Hard rock fans know the name of Randy Rhoads, the exciting young guitarist who had shredded his way to center stage in Ozzy Osbourne’s first post-Black Sabbath solo band, a co-writer of “Crazy Train” and a standout on the two albums he blazed and helped co-write and co-produce, “Blizzard of Ozz” and “Diary of a Madman.”
He was also victim of one of the deadliest of the misfortunes that seemed to swirl around Ozzy in those days After biting the head of a bat in a Des Moines show, and being accused of peeing on the Alamo, Osbourne was on tour in Florida when his bus driver took the guitarist on a joy ride in a small plane that buzzed the rest of the band still in the bus and crashed in a fiery explosion, killing three. Rhoads was only 25.
The young guitarist gone too soon was revered enough to be subject of a rock documentary more than 40 years after his death. But two-thirds of Andre Relis’ “Randy Rhoads: Reflections of a Guitar Icon” (Amazon Prime, streaming) are about Rhoads’ days fronting a much lesser L.A. band, Quiet Riot, back in days when the band couldn’t get a U.S. record contract to save its life (though a Japanese subsidiary of Sony did).

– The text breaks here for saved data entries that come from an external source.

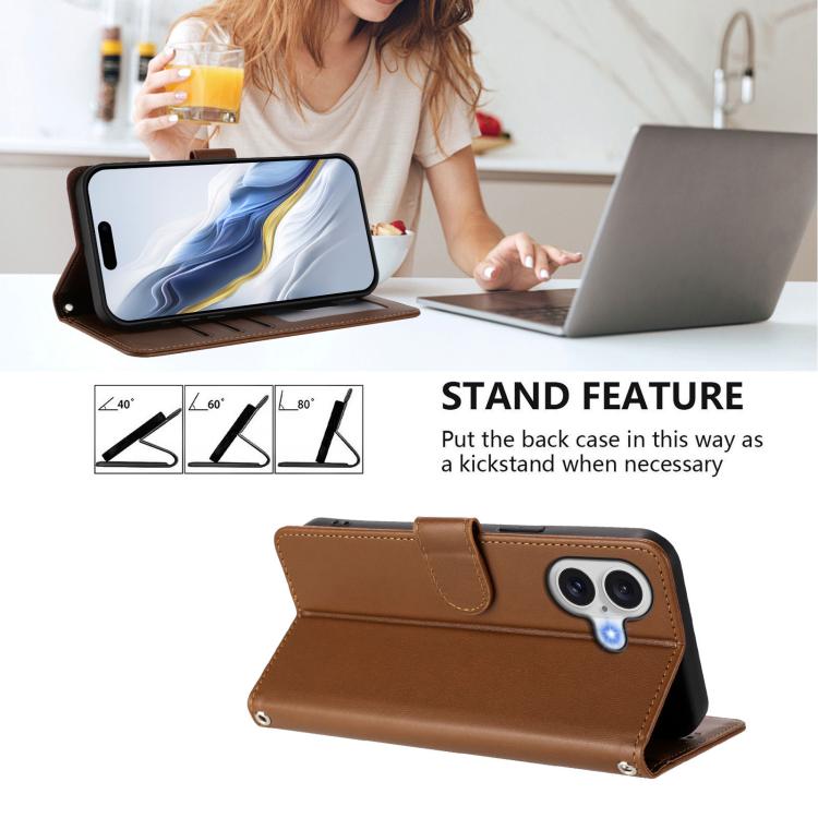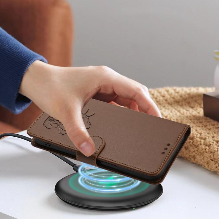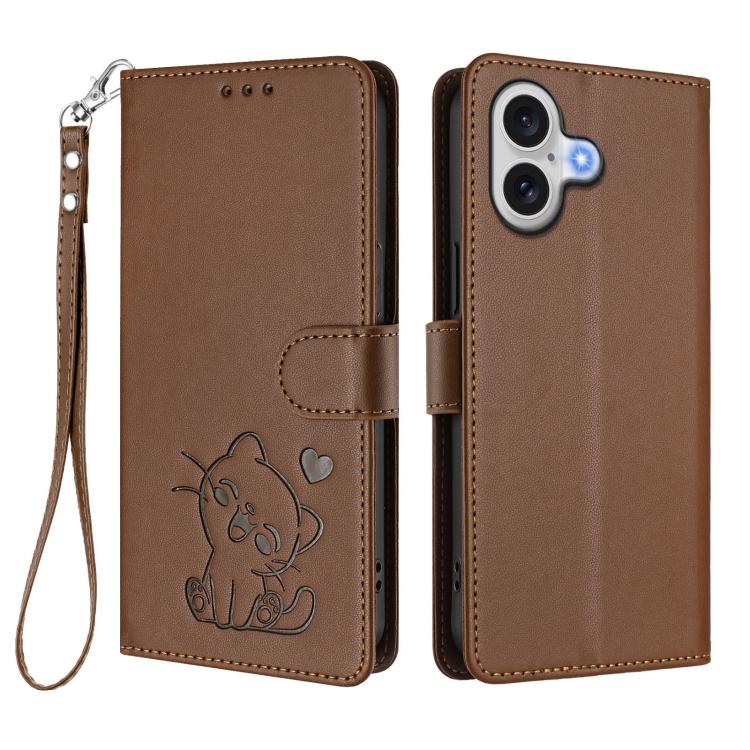 Funda de piel con diseño de gato y corazón en relieve para iPhone 17 con correa de mano (marrón)
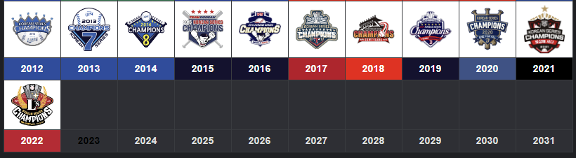 📌 이번 한국시리즈 이전에 과연 역대 한국시리즈 우승팀은 어디였는지, 어느 팀들이 주로 우승했는지 확인해봅시다.
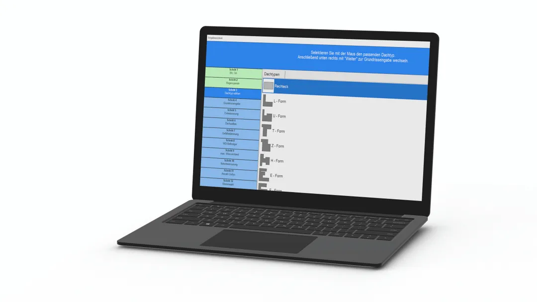 Die Vorgehensweise zur Berechnung mit unserem Dachdeckerprogramm ist dabei denkbar einfach:
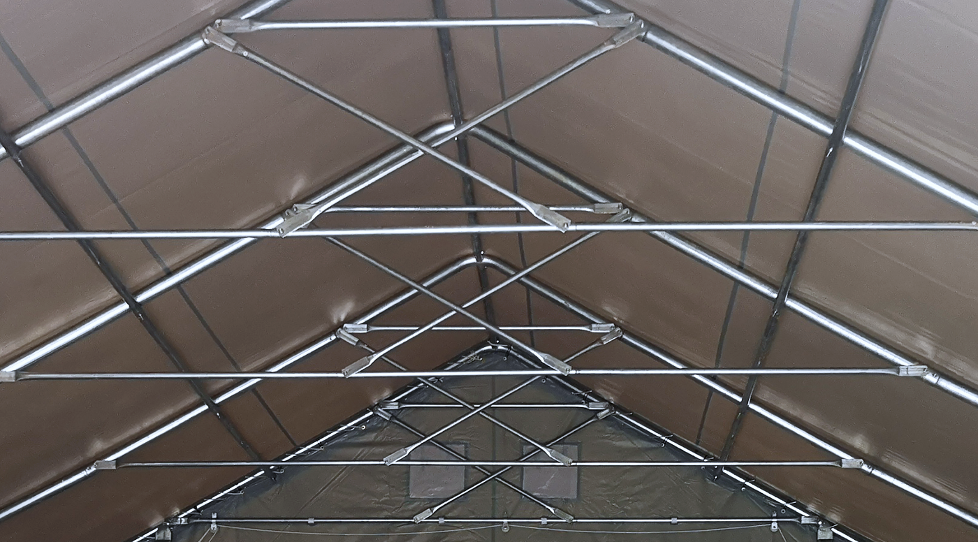 Konstrukcja Arctic jest zgodna tylko z poszyciem serii Arctic. To bardzo solidna i odporna konstrukcja, która znajdzie swoje zastosowanie zarówno w przemyśle, jak i rolnictwie. Wykorzystaliśmy w niej rury fi 78 mm i łączniki o tej samej średnicy. W celu stabilizacji całego namiotu wykorzystaliśmy dodatkowe wzmocnienia na bokach oraz podwójne zastrzały przy dachu. Stopy narożne mają wymiary 30 cm x 40 cm, a pozostałe 30 cm x 30 cm. Konstrukcja
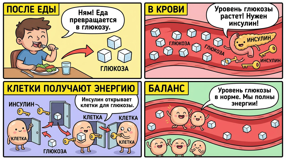 Глюкоза — это сахар, который циркулирует в крови и служит топливом для мозга, мышц и большинства органов. Чтобы глюкоза попала из крови в клетки, нужен гормон инсулин, который вырабатывает поджелудочная железа.

Rhoads deserved better in life and in film, as this one was cobbled together from second hand interview tapes, smudgy concert video and a lot of still pictures. There are a raft of testimonials from representatives of other hair bands of the era (though the famed guitarist of supposed Quiet Riot competitors Van Halen, Eddie Van Halen, ungenerously shrugs in an old radio interview that Rhoads learned everything he knew from him).